▶ _EXERCISE INSTRUCTIONS_: Write out the full set of records exactly. Any pictures in them do not belong in the copy.

▶ _DATASET EXCERPTS_:
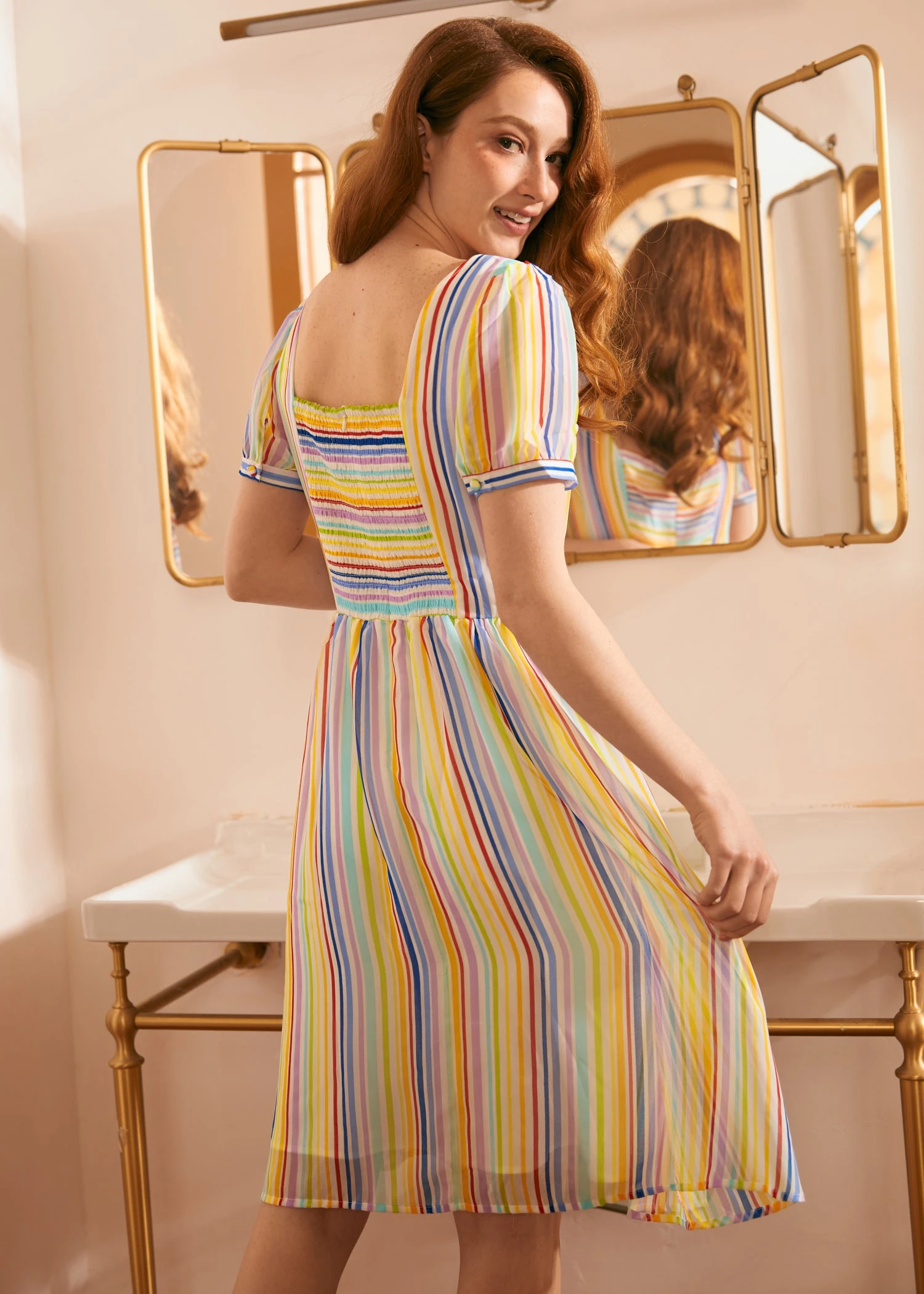 The dress showcases a darling sweetheart neckline and short puff sleeves finished with elegant button closures at the cuffs. The fitted bodice features a clever smocked back panel to ensure a flexible, tailored fit for all-day comfort. The voluminous gathered flare skirt hits at the knee, featuring a semi-sheer overlay that adds an airy, feminine touch to every movement.
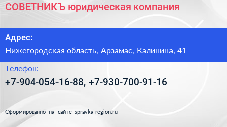 СОВЕТНИКЪ, юридическая компания по адресу Нижегородская область, Арзамас, Калинина, 41 в дальнейшем Организация, размещена в следующих категориях:
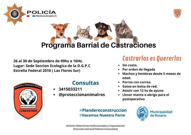 El programa “Castrarlos es quererlos”, organizado por la Municipalidad de Rosario y con la participación de veterinarios, comenzó este lunes en barrio en las instalaciones de Estrella Federal al 2010, sede de la Sección Ecológica de la Policía Comunitaria.
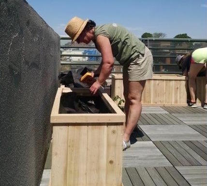 Boston Rooftop Garden - filling the planter boxes
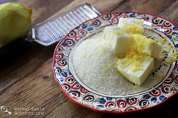To do this, cream together the butter, sugar and lemon zest in the bowl of a standing mixer.

▶ _EXPECTED OUTPUT_:
 The dress showcases a darling sweetheart neckline and short puff sleeves finished with elegant button closures at the cuffs. The fitted bodice features a clever smocked back panel to ensure a flexible, tailored fit for all-day comfort. The voluminous gathered flare skirt hits at the knee, featuring a semi-sheer overlay that adds an airy, feminine touch to every movement.
 СОВЕТНИКЪ, юридическая компания по адресу Нижегородская область, Арзамас, Калинина, 41 в дальнейшем Организация, размещена в следующих категориях:
 El programa “Castrarlos es quererlos”, organizado por la Municipalidad de Rosario y con la participación de veterinarios, comenzó este lunes en barrio en las instalaciones de Estrella Federal al 2010, sede de la Sección Ecológica de la Policía Comunitaria.
 Boston Rooftop Garden - filling the planter boxes
To do this, cream together the butter, sugar and lemon zest in the bowl of a standing mixer.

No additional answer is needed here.